Worker/wrapper can lead to sharing failure

nofib turned up a serious performance bug in the implementation of insert in containers-0.5.10.1. The function was defined thus:

origInsert :: Ord k => k -> a -> Map k a -> Map k a
origInsert = go
  where
    go :: Ord k => k -> a -> Map k a -> Map k a
    go !kx x Tip = singleton kx x
    go !kx x t@(Bin sz ky y l r) =
        case compare kx ky of
            LT | l' `ptrEq` l -> t
               | otherwise -> balanceL ky y l' r
               where !l' = go kx x l
            GT | r' `ptrEq` r -> t
               | otherwise -> balanceR ky y l r'
               where !r' = go kx x r
            EQ | kx `ptrEq` ky && x `ptrEq` y -> t
               | otherwise -> Bin sz kx x l r

{-# INLINABLE origInsert #-}

When this specializes to Int keys (or any other "unboxable" ones, including tuples), worker/wrapper botches the job:

Rec {
-- RHS size: {terms: 102, types: 65, coercions: 0}
$w$sgo
  :: forall a_a7M6.
     Int# -> a_a7M6 -> Map Int a_a7M6 -> Map Int a_a7M6
$w$sgo =
  \ (@ a_a7M6)
    (ww_s8oI :: Int#)
    (w_s8oE :: a_a7M6)
    (w1_s8oF :: Map Int a_a7M6) ->
    let {
      kx_X7KQ :: Int
      kx_X7KQ = I# ww_s8oI } in
    case w1_s8oF of wild_Xg {

[...]

origInsertInt_$sgo
  :: forall a_a7M6. Int -> a_a7M6 -> Map Int a_a7M6 -> Map Int a_a7M6
origInsertInt_$sgo =
  \ (@ a_a7M6)
    (w_s8oD :: Int)
    (w1_s8oE :: a_a7M6)
    (w2_s8oF :: Map Int a_a7M6) ->
    case w_s8oD of _ { I# ww1_s8oI -> $w$sgo ww1_s8oI w1_s8oE w2_s8oF }

The wrapper opens the box, throws it away, and passes the contents to the worker, which immediately builds a new box with exactly the same contents. This prevents the pointer equality tests from succeeding for these types, and it also turns out to cause quite a lot of extra allocation for some types (leading to the severe nofib regression).

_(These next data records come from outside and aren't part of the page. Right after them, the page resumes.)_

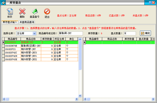 | 在庫存管理中點(diǎn)擊"庫存盤點(diǎn)"按鈕,打開窗口: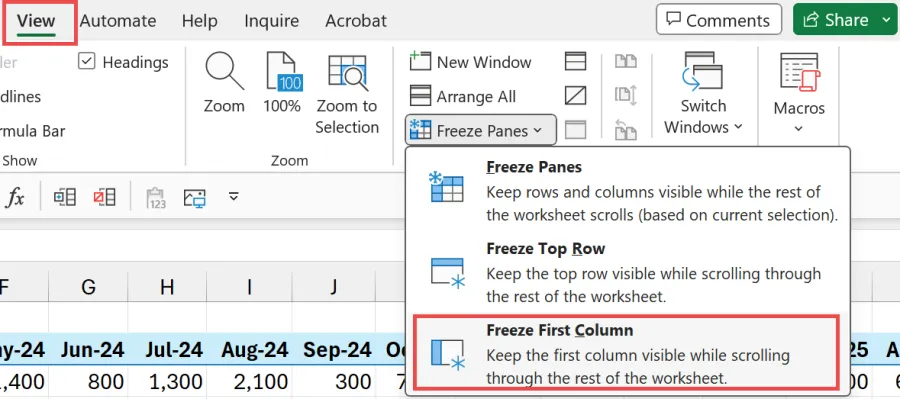 Simply navigate to “View,” select “Freeze Panes,” and then click on “Freeze First Column.”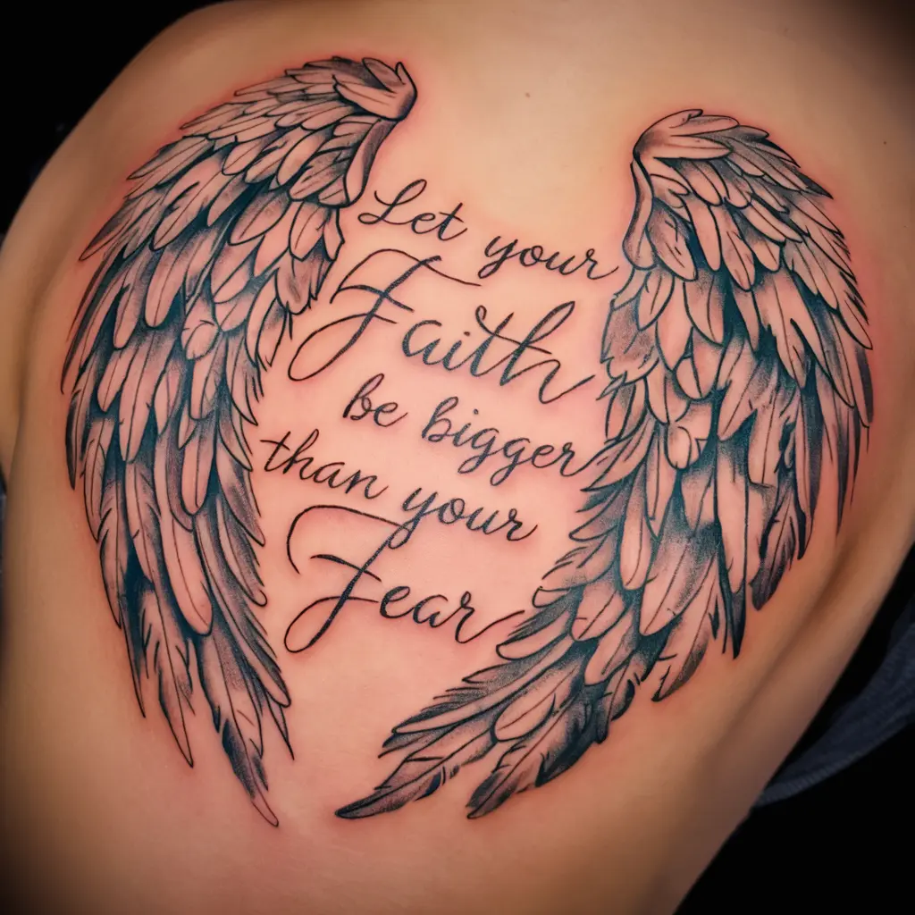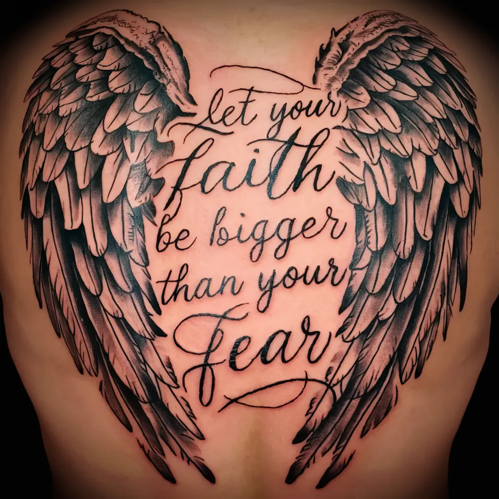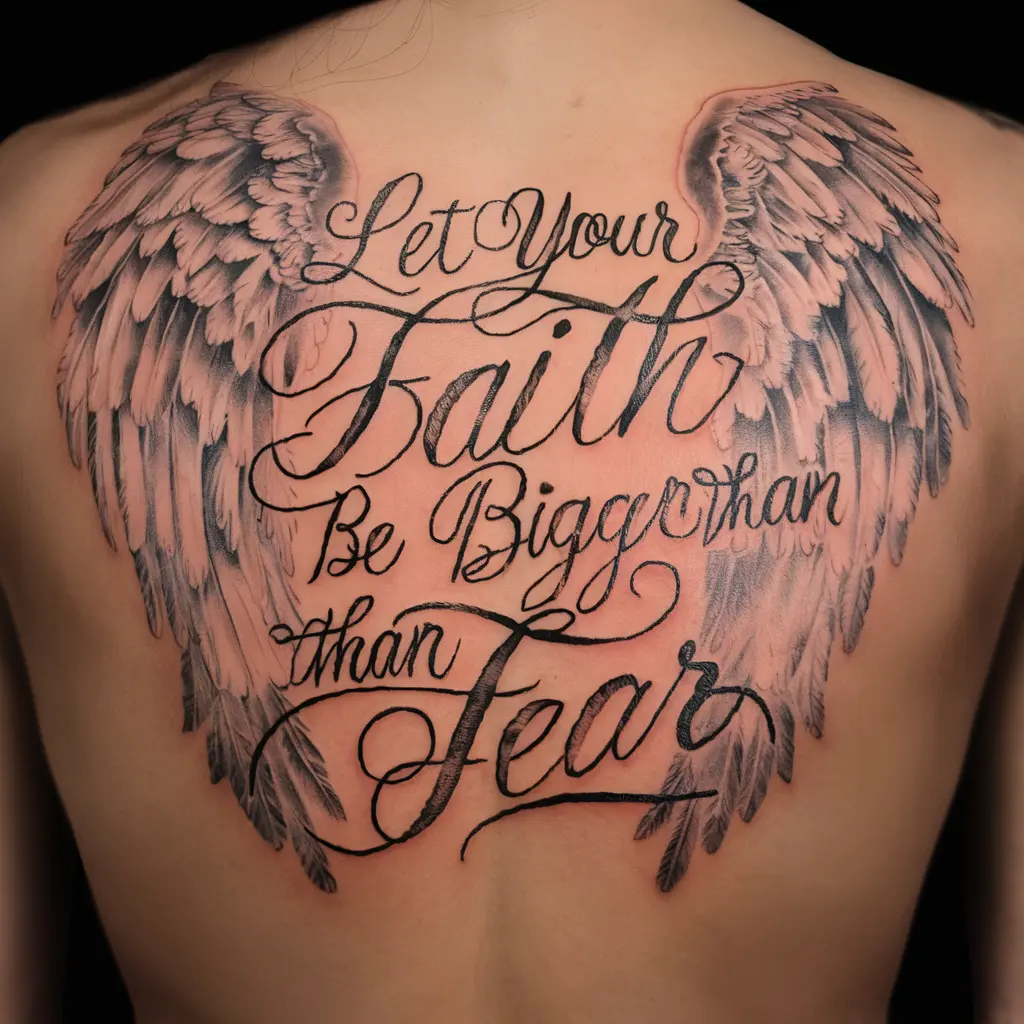 A stunning idea is to have the quote “Let your faith be bigger than your fear” in beautiful cursive script, framed by delicate angel wings.

One could reasonably argue that the code above is a bit complicated, and that GHC could be forgiven for failing to realize that the box should be saved. Unfortunately, a straightforward change that would seem to make this clear does not in fact convince GHC:

myInsert :: Ord k => k -> a -> Map k a -> Map k a
myInsert kx0 = go kx0
  where
    go !kx x Tip = singleton kx0 x
    go !kx x t@(Bin sz ky y l r) =
        case compare kx ky of
            LT | l' `ptrEq` l -> t
               | otherwise -> balanceL ky y l' r
               where !l' = go kx x l
            GT | r' `ptrEq` r -> t
               | otherwise -> balanceR ky y l r'
               where !r' = go kx x r
            EQ | kx0 `ptrEq` ky && x `ptrEq` y -> t
               | otherwise -> Bin sz kx0 x l r

{-# INLINABLE myInsert #-}

does exactly the same thing. The only simple way I found to avoid that is to remove the bang patterns, which really ''shouldn't'' work, but does. This, however, is prohibited by the desired semantics—I believe we want to be strict in the key even if comparison is not. In any case, that really shouldn't be causing trouble and it is. The only fix I've found thus far is truly disgusting, and seems to work at least partly by mistake:

insert :: Ord k => k -> a -> Map k a -> Map k a
insert kx0 = go kx0 kx0
  where
    go :: Ord k => k -> k -> a -> Map k a -> Map k a
    go orig !kx x Tip = singleton (lazy orig) x
    go orig !kx x t@(Bin sz ky y l r) =
        case compare kx ky of
            LT | l' `ptrEq` l -> t
               | otherwise -> balanceL ky y l' r
               where !l' = go orig kx x l
            GT | r' `ptrEq` r -> t
               | otherwise -> balanceR ky y l r'
               where !r' = go orig kx x r
            EQ | x `ptrEq` y && (lazy orig `seq` (orig `ptrEq` ky)) -> t
               | otherwise -> Bin sz (lazy orig) x l r

{-# INLINABLE insert #-}

We would also like to be able to experiment with an implementation that uses CPS (recursive join points today!) rather than pointer equality tests for the internal nodes, leaving pointer equality to the leaves. But I have not found any way whatsoever to avoid this W/W problem in that version.